-
Notifications
You must be signed in to change notification settings - Fork 49
Roadmap for literals and initializers
On this page, we sketch how the syntax for literals and initializers can evolve over time. Originates from a design discussion in Dec 2021.
Initializers are a compact generalization of expressions, which is possible because the type of an initializer is known in advance. And we know method argument types in advance, so it should be OK to write:
method m(bytes_t data) { ... }
...
m({len, data});
We already have that assignment source is an initializer, so this would practically eliminate the need to add a syntax for struct literals.
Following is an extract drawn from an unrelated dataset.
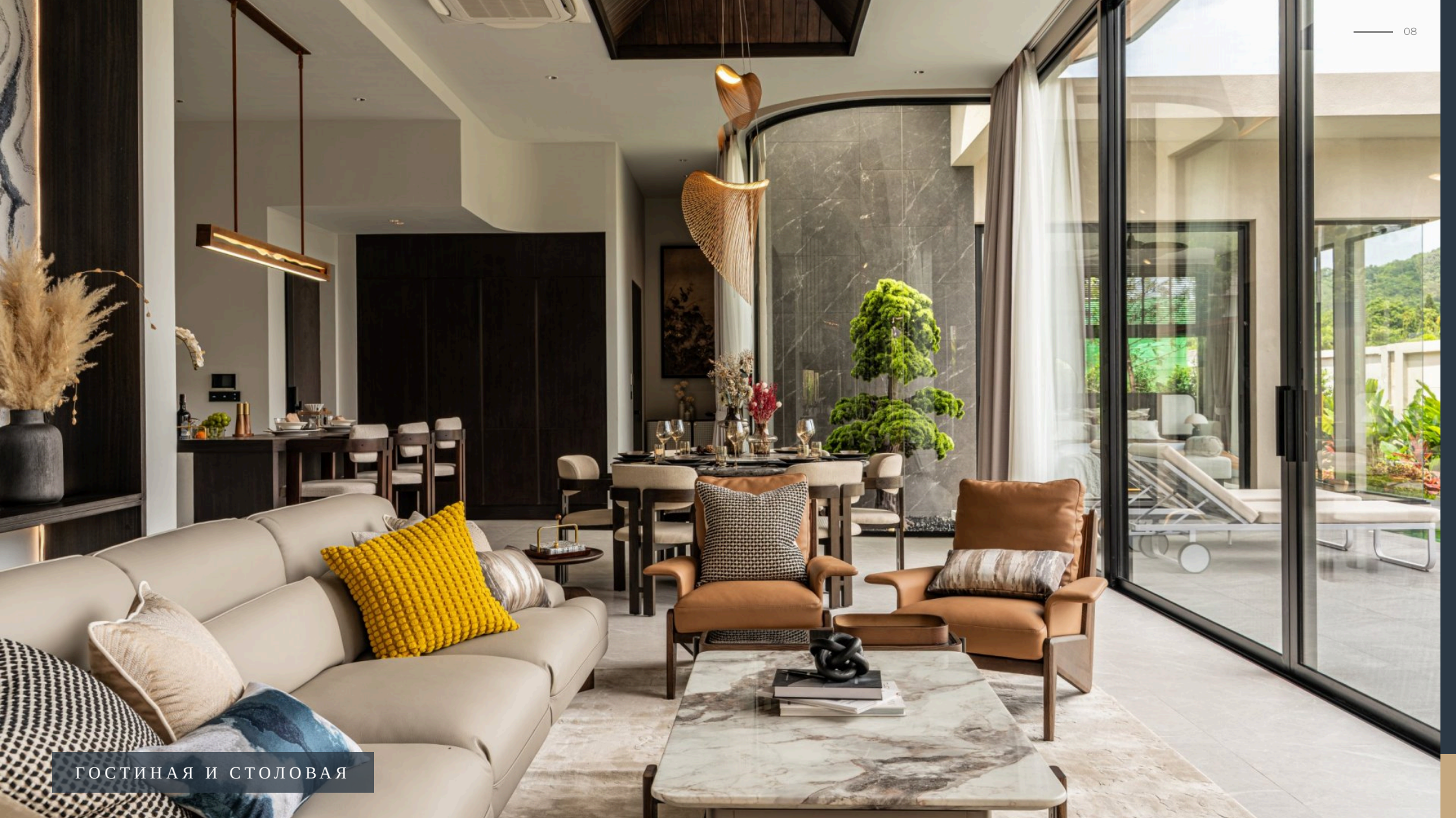
ГОСТИНАЯ И СТОЛОВАЯ

Perhaps we can permit the syntax param list = {1, 2, 3}; for typed parameters.
cast({.x=3, .y=5}, some_struct_t)
C compound literals are the intuitive implementation of this -- however, they are dangerous as such a literal can appear in a DMLC-generated block that does not correspond to the block in DML in which the cast is used, which would give it unexpectedly short lifetime. This is especially dangerous with DML expressions translated to statement expressions. The probable best solution to this is to add support for 1. expressions corresponding to multiple C statements; and 2. add support for those statements to be inserted at points not corresponding to the expression. This would allow us to codegen a DML compound literal by declaring an (non user-visible) variable for it at the beginning of the C block corresponding to the DML block, and using that variable to represent the compound literal.
Using alloca to codegen the allocation for compound literals as a cheap means of side-stepping this problem is not an option as that would blow the stack if e.g. a compound literal is used within a loop.
With the addition of tuples as run-time values, the only thing that would prevent arbitrary method calls from being used as expressions would be throwing methods. This could be resolved through statement expressions or through support of expressions corresponding to multiple C statements.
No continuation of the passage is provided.